A man alleging to be a schoolmaster is accosted by the military at a checkpoint. Two teenagers wait for their soldier boyfriends in a dilapidated town square. A journalist is held captive and gets brutally assaulted. A young woman apologizes to an elderly couple for running over their chickens. Featuring four stories set against the backdrop of the Donbass roads, loomed by disorientation, paranoia, and terror, BAD ROADS, called “a startlingly grim panorama of life during wartime” (Justin Chang, Los Angeles Times), challenges the very notion of truth and delivers audiences to a bleak Ukraine they’ll not soon forget.


In the Donbass, a region of Eastern Ukraine, a hybrid war takes place, involving an open armed conflict alongside killings and robberies on a mass scale perpetrated by separatist gangs. In the Donbass, war is called peace, propaganda is uttered as truth and hatred is declared to be love. Life suffused with fear and suspicion; what is real and what is fake news? Through thirteen tension-ridden “chapters”, DONBASS takes audiences on an adventurous journey within the depths of the conflict zone and through life-threatening events.
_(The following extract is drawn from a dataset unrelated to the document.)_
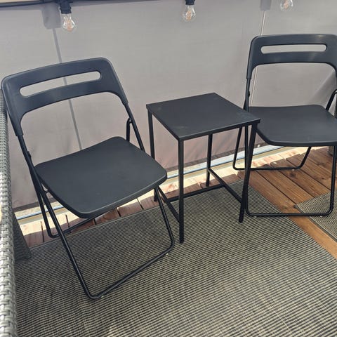 Valkoinen 3 tuolia ja lasipintainen matala pöytä settinä. Kahdesta tuolista vaijeri irronnut, voinee korjata kyllä.
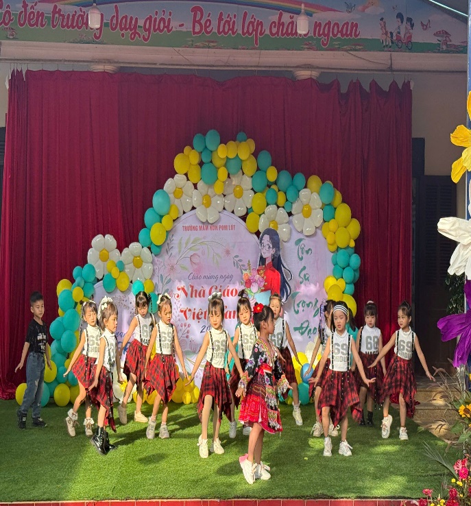 Buổi sinh hoạt chuyên môn diễn ra trong không khí trang trọng nhưng cũng không thiếu phần ấm áp và thân tình, đặc biệt là trong dịp kỷ niệm Ngày Nhà giáo Việt Nam 20/11. Mở đầu chương trình, các đại biểu và giáo viên được thưởng thức một số tiết mục văn nghệ đặc sắc chào mừng các đại biểu tham dự sinh hoạt chuyên môn do các bé Trường Mầm non Pom Lót biểu diễn.

Ukrainian surgeon Serhiy joins the military to fight against the Russians in the Donbas region. After being captured by enemy soldiers, he witnesses the horrific torture and interrogation of his compatriots while being forced to monitor their vital signs. Following his release, Serhiy returns home to his family, still suffering from the trauma he experienced and hiding a devastating secret. A meticulously-composed examination of pain and redemption, Valentyn Vasyanovych’s “intellectually provocative and rewarding” film reveals the “reflection of a man, and a nation, still trapped in the middle of grief and guilt” (Variety); Noel Murray of The Los Angeles Times also calls REFLECTION calls “a poignant and poetic film,” and Dustin Chang of Screen Anarchy writes that the Ukrainian drama is “truly impactful and impressive.”
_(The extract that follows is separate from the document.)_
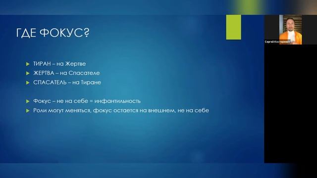 Запись Zoom - встречи :: 27.03.21 - Как часто Вы попадаете в этот злосчастный треугольник ? - Кем Вы чаще всего оказываетесь: Тираном, Жертвой? А может, Спасителем? Зачем вообще нужны эти роли, и в чем их польза? Как выйти красиво из этого треугольника? - - - ✅ Присоединяйтесь! ✅ Приглашайте друзей! Анонсы новых встреч и полезные практики в Телеграмм-чате: ✔️ ТЕЛЕГРАМ: https://t.me/sergey_kosterenko ✔️INSTAGRAM: https://www.instagram.com/kosterenko.sergey #сергейкостеренко #глобальноевзросление #взросление #человечество #человек #зрелость #коуч #коучинг #психолог #психология #общение #отношения #знакомства #zoom #конференция #ответы #счастье #любовьксебе #любовь #самооценка #родители #дети #жертва #страдания #польза #спаситель #тиран #треугольниккарпмана

In THE EARTH IS BLUE AS AN ORANGE, director Iryna Tsilyk’s documentary follows single mother Anna and her four children as they document their lives under siege in the front-line war zone of Donbas, Ukraine. Eldest daughter Mira dreams of becoming a cinematographer and as bombs descend on neighboring homes, the family construct, act in, and edit stylized scenes of dangerous predicaments they’ve lived to tell. Mira’s re-creations ratchet up the drama, using local soldiers, tanks, and even her own grandmother to tell terrifying tales of survival Every member of the family has a passion for cinema, motivating them to shoot a film inspired by their own life during a time of war, and the creative process raises the question of what kind of power the magical world of cinema could have during times of disaster. How to picture war through fiction? For Anna and the children, transforming trauma into a work of art is the ultimate way to stay human.